La création de « conseils des consommateurs » ( ), dotés de leurs propres moyens d’expertise et de communication, pourrait contribuer à l’efficacité de l’évaluation et permettre au consommateur-citoyen de tirer pleinement partie de celle-ci dans son jugement sur le mode d’organisation et de régulation des services d’intérêt économique général. La mise en place de « médiateurs » peut également contribuer à la prise en compte des aspirations de consommateurs.

Une volonté politique forte

Il reste que la mise en œuvre de ces propositions et recommandations suppose l’existence d’une volonté politique forte, pour vaincre les réticences et obstacles.
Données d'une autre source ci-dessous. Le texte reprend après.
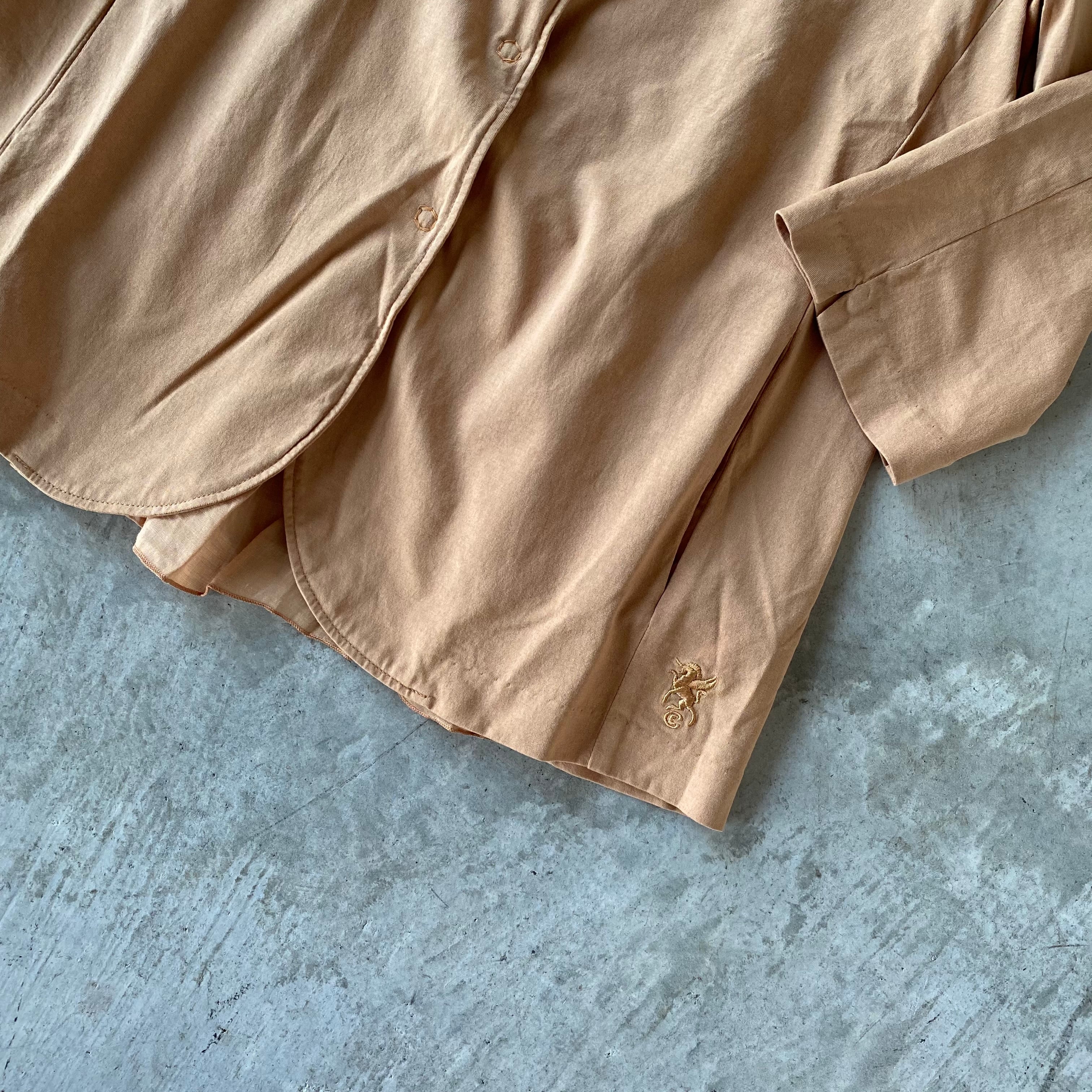 お袖、前身頃胸下部分はカットソー素材、後身頃、前見頃胸上は布帛素材の切り替えになっています。

Certains acteurs mettent en avant les difficultés et la complexité inhérentes à l’exercice pour la freiner voire l’entraver ; pour les responsables des autorités publiques, l’évaluation conduit à révéler des objectifs qu’ils ne souhaitent pas toujours expliciter ; certains opérateurs peuvent escompter que les utilisateurs ne disposent pas d’éléments précis de comparaison ; les acteurs qui estiment être en position favorable en matière de répartition des rentes peuvent ne pas souhaiter une véritable transparence ; etc.

C’est en développant une dynamique progressive d’évaluation que ces réticences et obstacles pourront être dépassés, bien davantage que par des règles ou injonctions. C’est pourquoi nous recommandons que soit conduite sans plus attendre toute forme d’expérimentation fut-elle partielle.

L’article 16 du traité de l’Union européenne reconnaît que les services d’intérêt économique général sont des composantes des « valeurs communes » de l’Union et souligne leur rôle dans la promotion de la « cohésion sociale et territoriale ». Ces mots forts n’auront de sens que s’ils sont déclinés dans chacun des domaines concernés et se traduisent dans leur efficacité sociétale, sans servir pour autant d’alibi à des formes de protections nationales.

Développer l’évaluation des performances des services d’intérêt économique général est un axe clé pour que ceux-ci répondent de mieux en mieux à leur finalité qui n’est autre que de répondre aux besoins des consommateurs, des citoyens et de la société et à leurs évolutions.